**Action item**
Please write out only the lines from the line with "プロジェクトを展開すると、登録されているジョブネットが表示されます。" to the line with "第三、添加完图片,我们要找一", inclusive, exactly as they stand below, without the pictures.

**Records for the exercise**

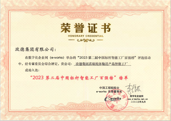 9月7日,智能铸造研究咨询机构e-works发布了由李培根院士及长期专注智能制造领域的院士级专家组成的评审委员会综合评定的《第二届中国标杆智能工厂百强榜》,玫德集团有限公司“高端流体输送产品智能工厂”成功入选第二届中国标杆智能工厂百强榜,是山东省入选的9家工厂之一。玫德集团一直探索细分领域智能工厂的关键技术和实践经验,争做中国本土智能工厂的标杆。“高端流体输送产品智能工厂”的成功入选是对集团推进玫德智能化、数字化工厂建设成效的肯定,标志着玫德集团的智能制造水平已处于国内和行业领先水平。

==

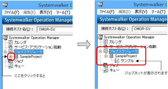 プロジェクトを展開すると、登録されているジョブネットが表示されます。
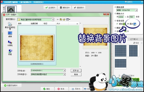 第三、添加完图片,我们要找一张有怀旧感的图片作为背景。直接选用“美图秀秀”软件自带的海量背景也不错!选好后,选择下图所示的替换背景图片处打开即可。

---

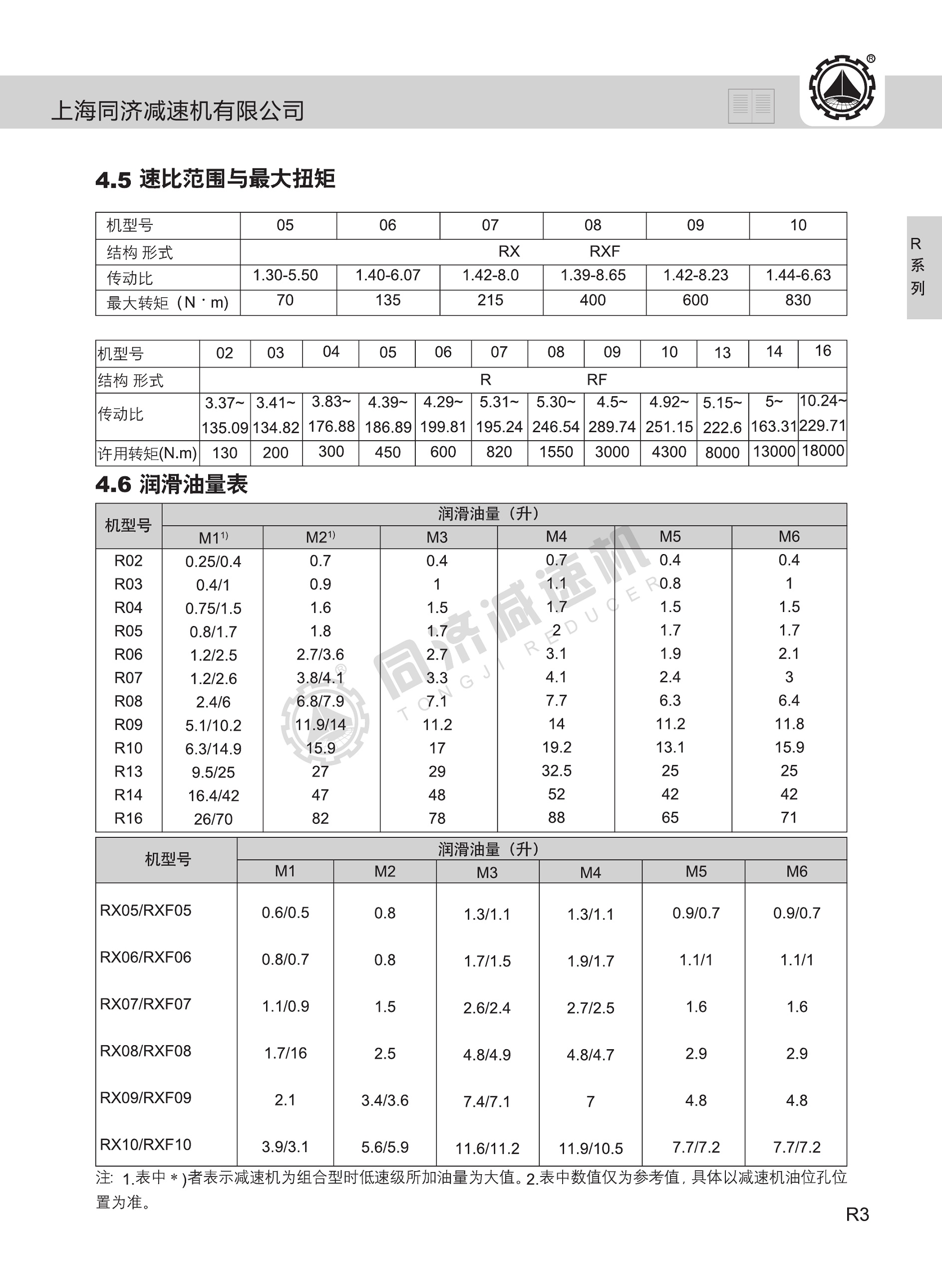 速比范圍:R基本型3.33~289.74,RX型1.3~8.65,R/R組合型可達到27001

**Answer below**
 プロジェクトを展開すると、登録されているジョブネットが表示されます。
 第三、添加完图片,我们要找一张有怀旧感的图片作为背景。直接选用“美图秀秀”软件自带的海量背景也不错!选好后,选择下图所示的替换背景图片处打开即可。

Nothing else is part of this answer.